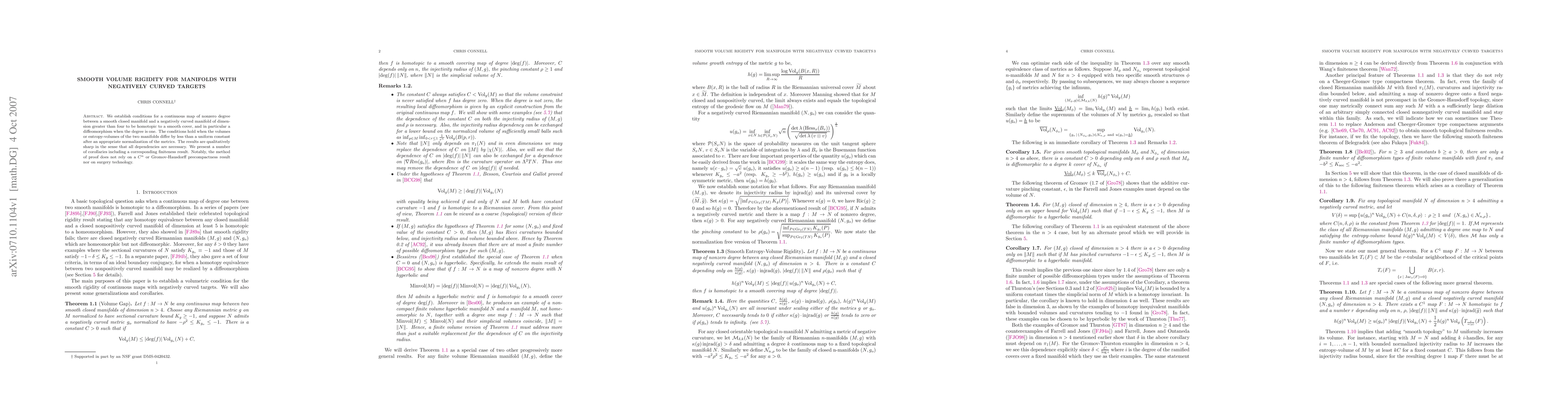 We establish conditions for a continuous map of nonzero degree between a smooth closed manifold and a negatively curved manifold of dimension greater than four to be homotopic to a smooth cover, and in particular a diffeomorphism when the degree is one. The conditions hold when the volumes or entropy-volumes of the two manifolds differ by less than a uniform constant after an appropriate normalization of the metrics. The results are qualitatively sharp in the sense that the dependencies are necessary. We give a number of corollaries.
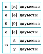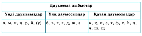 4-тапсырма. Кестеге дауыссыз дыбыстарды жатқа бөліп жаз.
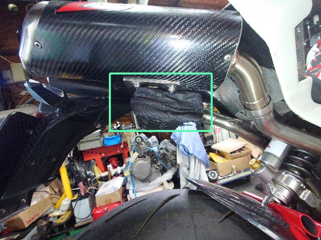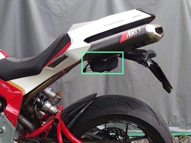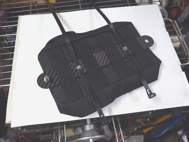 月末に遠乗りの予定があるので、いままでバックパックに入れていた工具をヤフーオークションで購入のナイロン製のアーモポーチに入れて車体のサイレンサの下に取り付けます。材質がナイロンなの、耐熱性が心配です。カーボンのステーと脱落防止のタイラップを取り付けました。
* * *
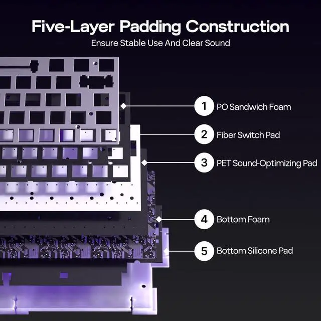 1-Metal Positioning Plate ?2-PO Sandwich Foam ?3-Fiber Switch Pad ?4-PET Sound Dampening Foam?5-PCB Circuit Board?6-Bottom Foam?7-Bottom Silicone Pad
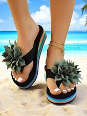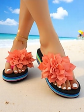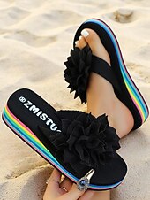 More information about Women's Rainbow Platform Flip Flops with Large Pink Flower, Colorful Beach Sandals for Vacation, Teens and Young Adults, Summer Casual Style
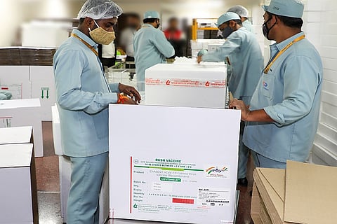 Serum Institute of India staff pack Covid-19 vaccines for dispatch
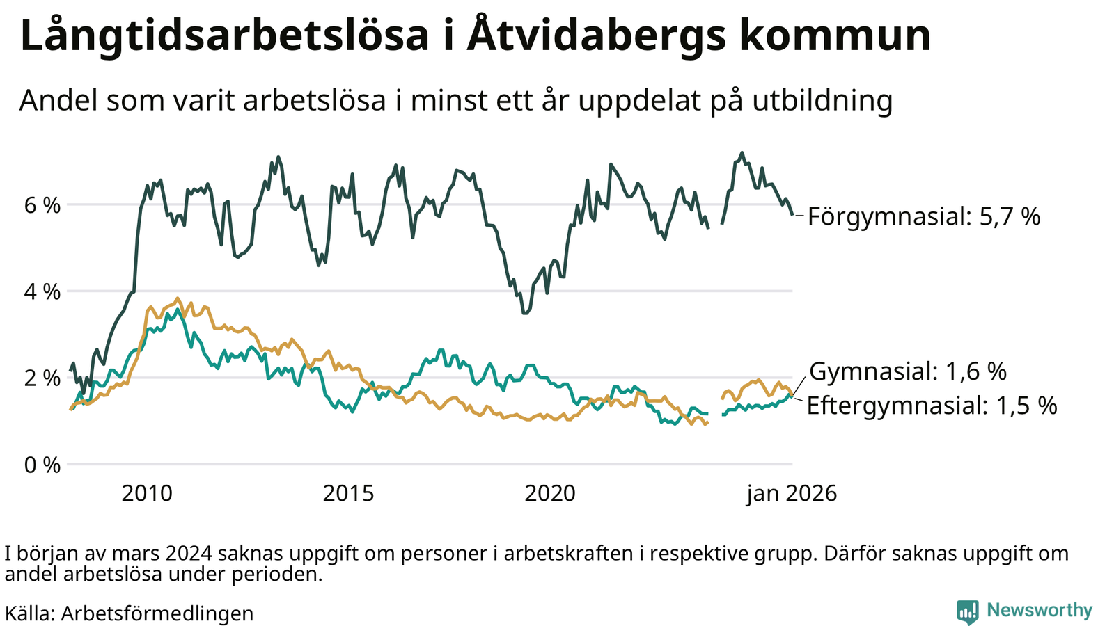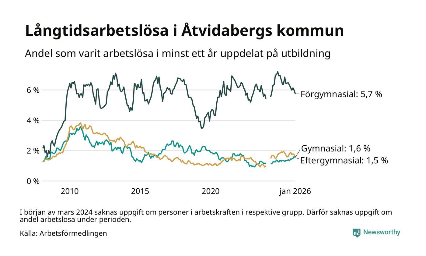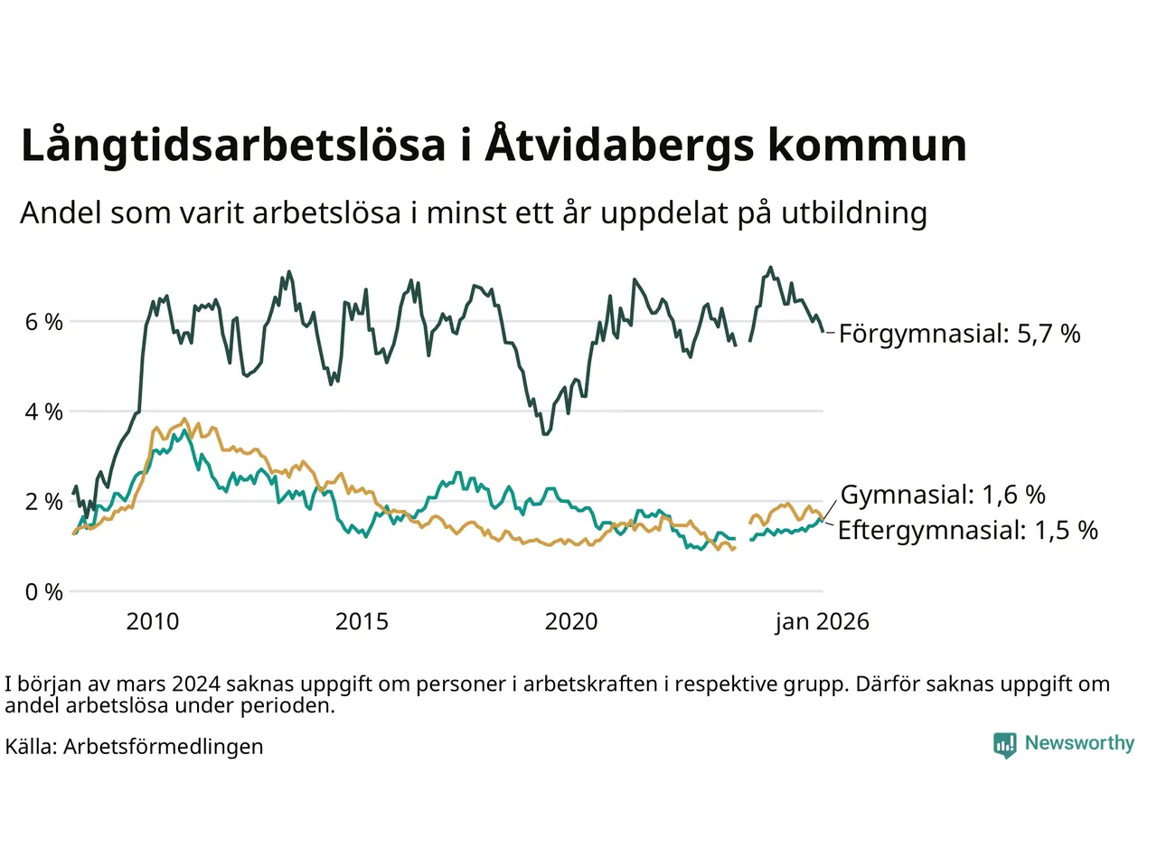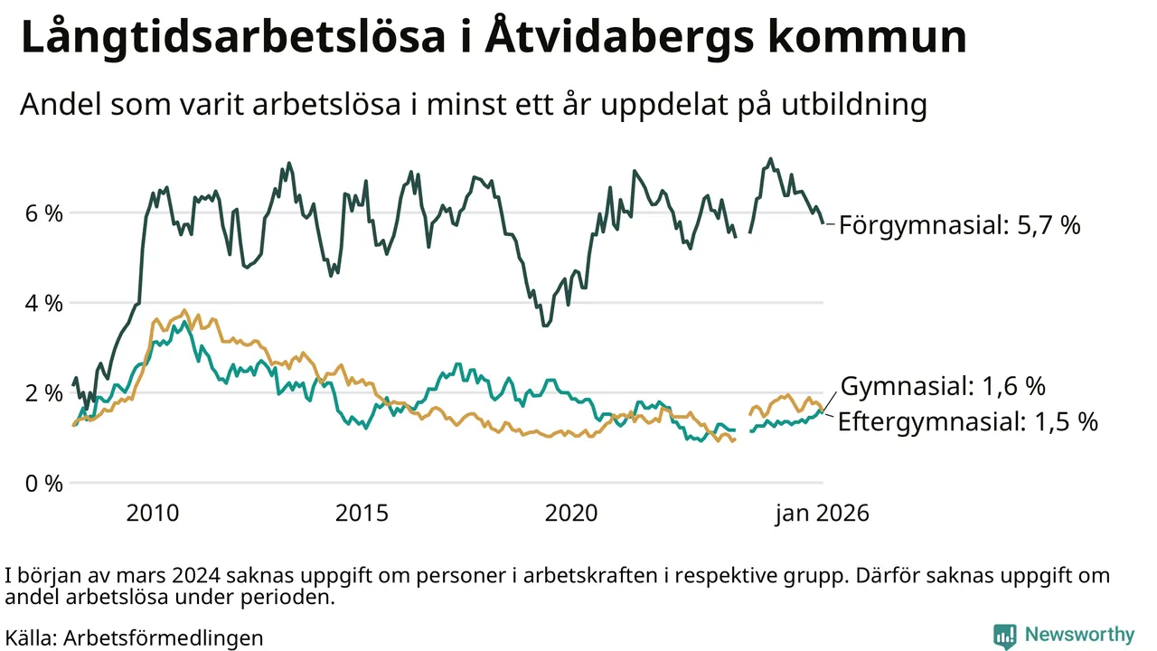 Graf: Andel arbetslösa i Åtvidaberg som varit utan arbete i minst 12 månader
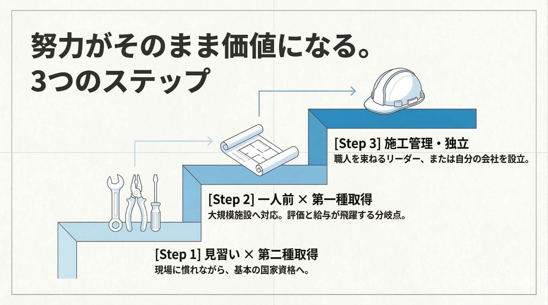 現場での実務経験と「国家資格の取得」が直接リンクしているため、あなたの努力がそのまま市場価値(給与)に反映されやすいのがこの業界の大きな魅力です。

Task instructions:
In the records above, find the line with "4-тапсырма. Кестеге дауыссыз". Print exactly from there through the line with "月末に遠乗りの予定があるので", minus the pictures.

Problem solution:
 4-тапсырма. Кестеге дауыссыз дыбыстарды жатқа бөліп жаз.
 月末に遠乗りの予定があるので、いままでバックパックに入れていた工具をヤフーオークションで購入のナイロン製のアーモポーチに入れて車体のサイレンサの下に取り付けます。材質がナイロンなの、耐熱性が心配です。カーボンのステーと脱落防止のタイラップを取り付けました。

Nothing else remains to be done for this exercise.